Chapter Four, The Visit

Ender threw down the tools she was holding and sat down on the stone floor, suddenly feeling exhausted. Cramped muscles unclenched a little as she let herself relax for the first time in months. She needed rest, sleep. She had been working almost non-stop for...how long? A long time, anyway, training when her eyes began getting sore from staring at the electronic screen before her, buying supplies when needed, but otherwise, all she did was sit in front of the computer console and work.

A year ago, two days after the arrival of Alec, she had abandoned every other project she was on and began a new one: to duplicate Alec's time machine. She knew it was possible, so the sole question remaining was how.

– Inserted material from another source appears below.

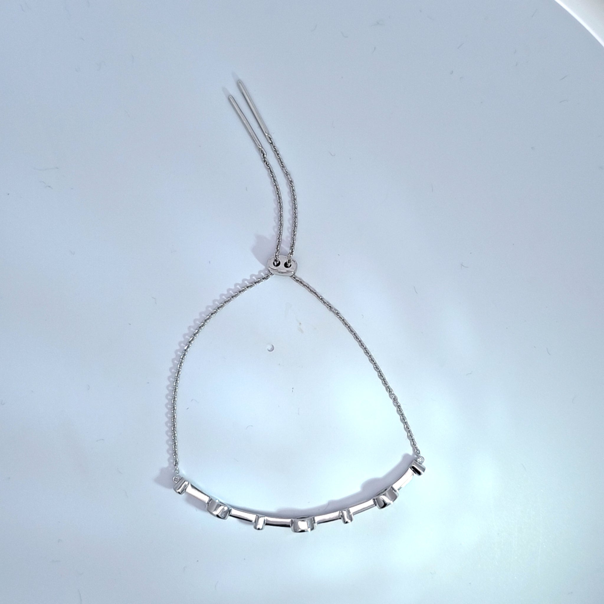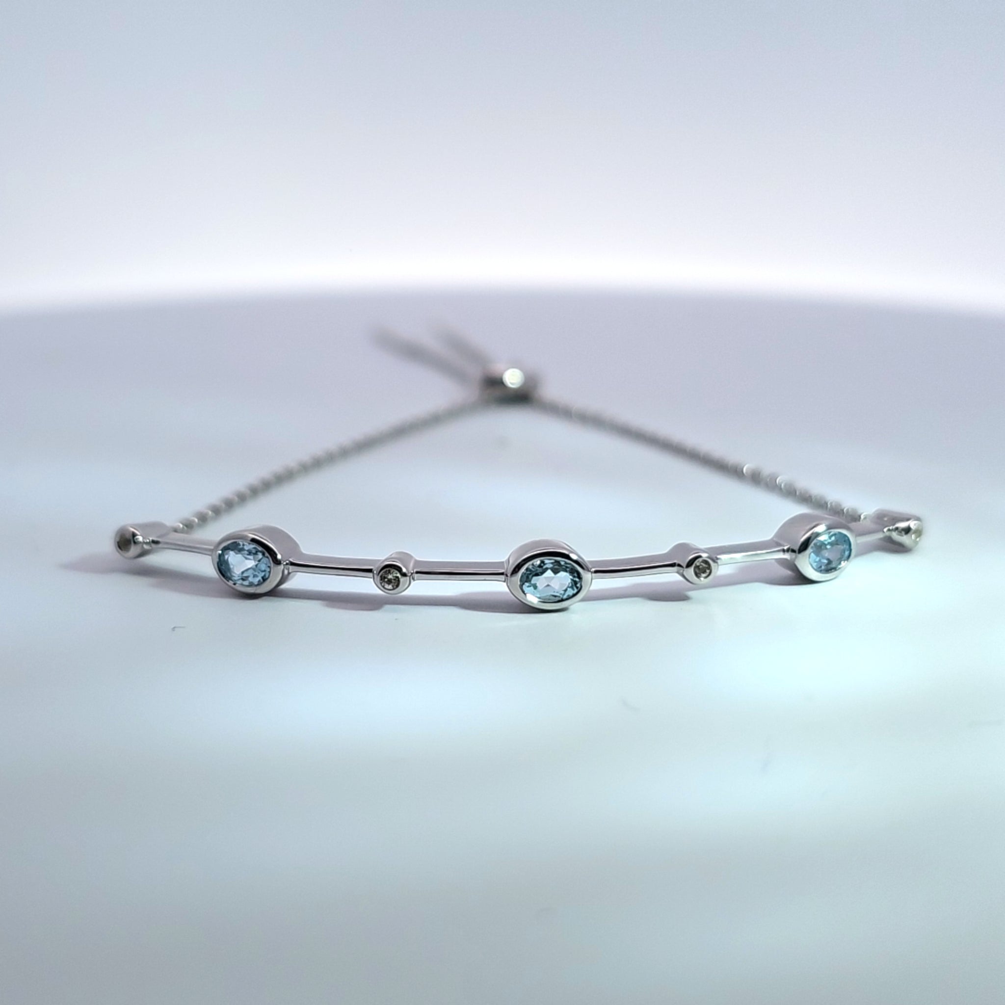 Rhodium Plated Sterling Silver Oval Blue Topaz & White Sapphire Station Bar & Chain Bolo Bracelet
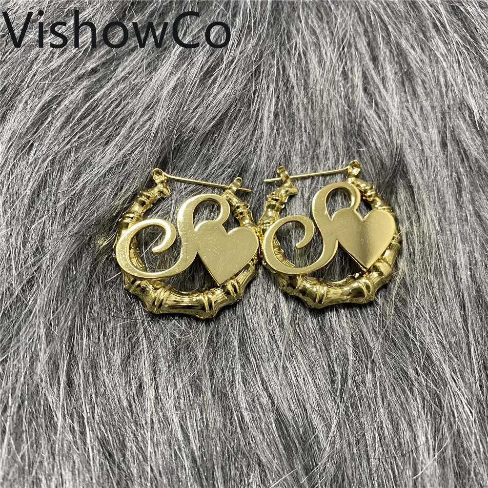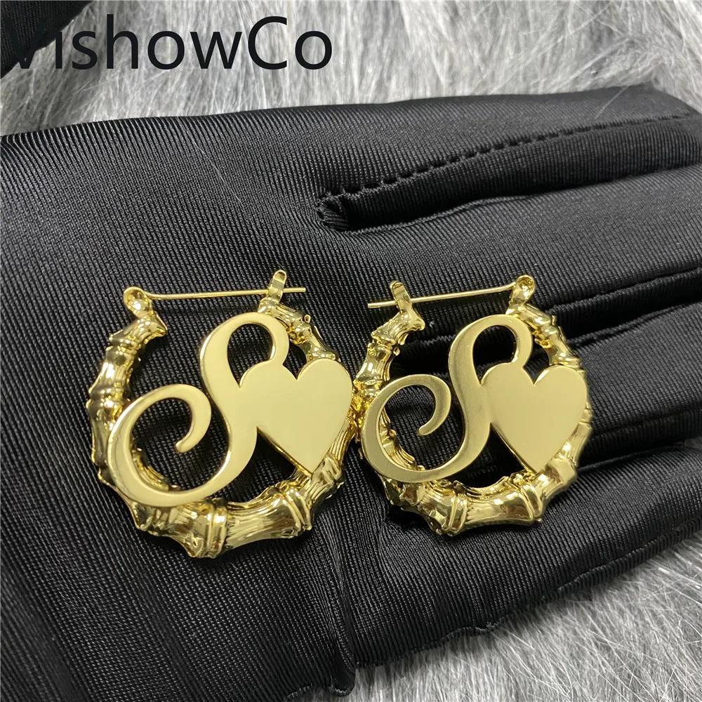 Индивидуальные серьги-кольца из бамбука, персонализированные серьги с именем, в форме сердца из бамбука, пикантные женские ювелирные изделия для девочек, модный подарок

But she didn't spend all of her time on the project. At least at first, she spent a lot of her time on the Internet, where identities and purchases could be layered over and over again in a labyrinth of complexity so deep that only the best of hackers could guess her identity. Some of her time went toward finding information on a certain Dr. Gero and his creations, but most of it was devoted to trying to find the electronic trail that Gero used to create his androids. The path had to exist, but she had no luck in all the time she had been searching.

But that was only to be expected. Gero was a master hacker. So she paused in her work. Didn't stop, just paused, and moved onto more pressing matters- the androids and the time limit of three years.

After two months of designing and working in a room she had rented that was far too small for her things, she had reluctantly faced the fact that she had to move back to the cavern that she hated so much, the one that she had vowed to only reside in during winters, because it was the sole place that would hold all of her equipment. So she had made the transition, and forced the bad memories associated with this place away.

But even after weeks of experimentation in a larger place, she couldn't get it right. She had come close, she had a full sized working model with limitations, but that was it. She had figured that the time machine needed some part that was not yet invented.

So, once again, she dropped the whole thing.

She used the limited version she had created, modified it, and made it a gateway between dimensions. She knew how it worked, but so many of its procedures were tied up in theories that while she was building it, she had been forced to design new software for the programming and testing.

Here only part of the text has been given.